TABLE 13 Heat resistance Gel rupture Immobilization strength index Determination 25° C. Example 18 Isotonic 100% Yes 0.17 N jelly G Comparative Isotonic 100% Yes 0.04 N example 17 jelly P Comparative Isotonic 0% No 0.72 N example 18 jelly Q
<Heat resistance determination criteria>

Yes: Heat resistance present (immobilization index of 70% or greater)

No: Heat resistance not present (immobilization index of less than 70%)

Example 23

A gelling agent was prepared and a standard gel obtained and evaluated in accordance with the following items (1) to (16).

(1) Mixed together were the above-described highly dispersible cellulose complex B as a first component, glucomannan as a second component, and xanthan gum as a third component in a weight ratio of first component:second component:third component of 5:4:1, to thereby form a gelling agent n.

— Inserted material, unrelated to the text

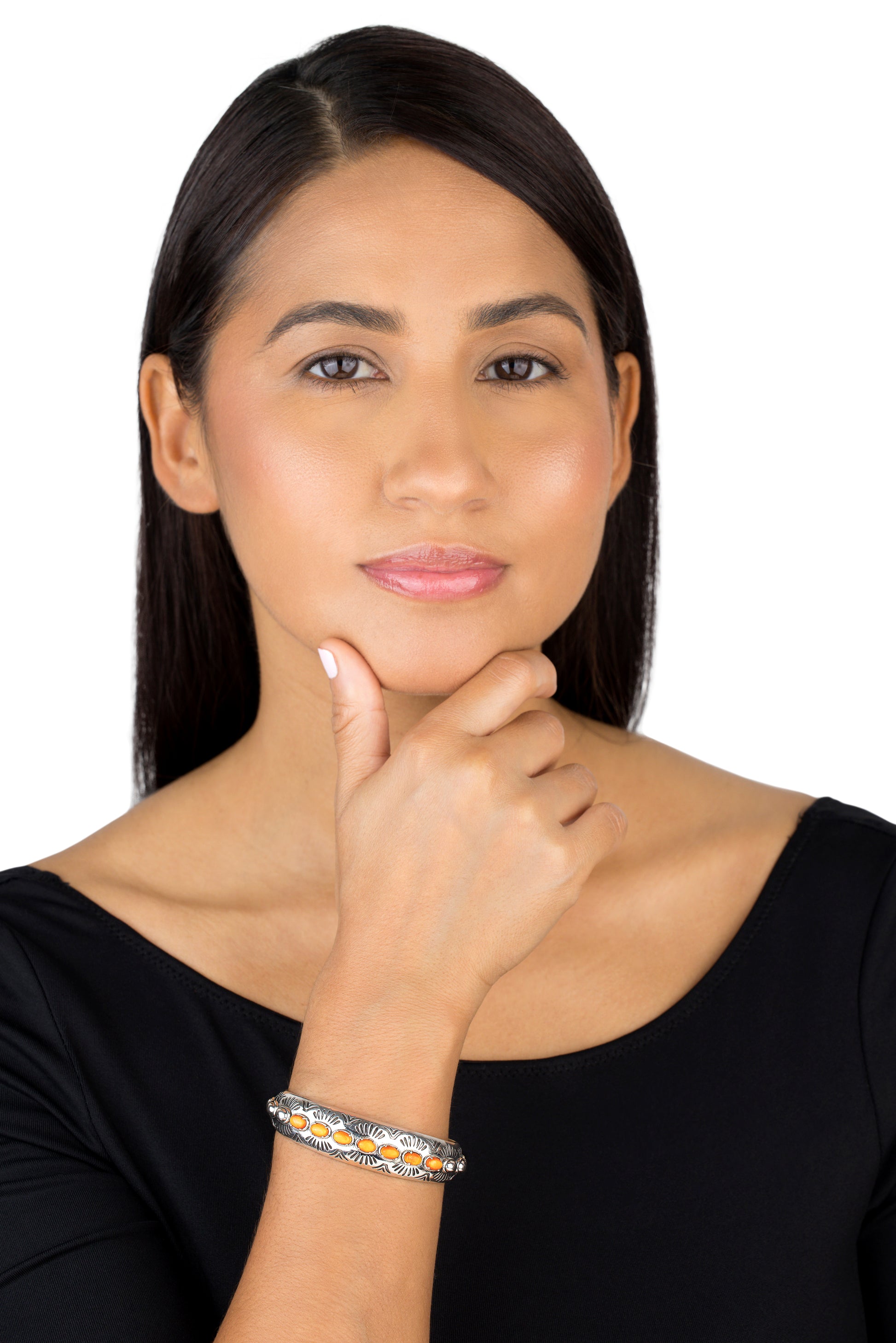 Create a confident style statement with this stunning Sterling Silver cuff, featuring 7 oval, prong-set Orange Spiny Oyster gemstone cabochons at the center and polished oval beads at the ends - it's the perfect blend of elegance and tradition. The etched Sterling Silver cuff also has textured fan designs to add Southwestern flair to every wave of your hand! Wear it solo or in a stack for maximum impact. Orange Spiny Oyster is one of the most popular stones of the Southwest, used in Southwestern jewelry since prehistoric times, as a base for intricate Inlay. Shells symbolize the life that flourished in the mystical oceans, far away from the desert Southwest. Spiny Oyster Shell originates from the Pacific Ocean. Every gemstone in the world is naturally unique, just like you! We carefully select the GIA certified gems for each piece, making your cuff one-of-a-kind. You will find it will elevate any outfit! Whether at work, a date night with your honey or a special party or event– American West Jewelry will get you noticed. Get ready for compliments!

(2) The gelling agent n was charged into 25° C. ion exchange water so that its concentration was 0.92% by weight. The resultant solution was dispersed for 5 minutes using a domestic mixer (manufactured by Sanyo Electric Co., Ltd.) at about 11,000 rpm, to thereby obtain an aqueous gelling agent dispersion. As a result of dispersion, the temperature increased by about 8° C.

(3) To confirm heat resistance, the aqueous gelling agent dispersion was used as a test sample. The sample was charged with a plurality of “plate-like grains c”, and the resultant solution was mixed with a spatula.

(4) This solution was then filled to a height of about 45 mm into cylindrical glass vessels having an inner diameter of about 45 mm so that 20“plate-like grains c” per vessel were contained therein. The vessels were then sealed.

(5) The resultant solution was heat-treated for 30 minutes at 120° C.

(6) After the heat treatment had finished, the solution was cooled for 3 hours at 25° C. while maintaining in a standing state. The number of grains floating on the liquid surface and the number that had sedimented to the bottom were counted.

(7) Determination of heat resistance: Based on the respective number of grains counted in item (6), the immobilization index was calculated.

(8) To determine the rupture strength, rupture strain factor and brittleness strain factor of a standard gel, heat resistant wrap was stuck onto one side of the lip portion of cylindrical vessels made from stainless steel having an inner diameter of about 45 mm and a height of 5 cm. The wrap was held with a rubber band to prepare the vessels to be used for filling the gel.

(9) An aqueous gelling agent dispersion was prepared (but no grains were added therein) in the same manner as items (1) to (2). The prepared dispersion was then used as a test sample and filled into the vessels to a height of about 40 mm.

(10) Heat resistant wrap was wrapped around the vessels and held with a rubber band to seal the vessels.

(11) The vessels containing the gel were heated in an 80° C. water bath for 1 hour, and then cooled at 5° C. for 24 hours.

(12) The wrap at the upper portion and lower portion of the vessels was removed, and each vessel was placed upside down on the test stand of a rheometer so that the bottom of the gel faced upwards.

(13) The vessels were carefully removed, and in a state such that only the gel was mounted on the test stand, the sample thickness (mm) was measured under the following conditions.

Apparatus: Rheometer (RE-33005-1; manufactured by Yamaden Co., Ltd.)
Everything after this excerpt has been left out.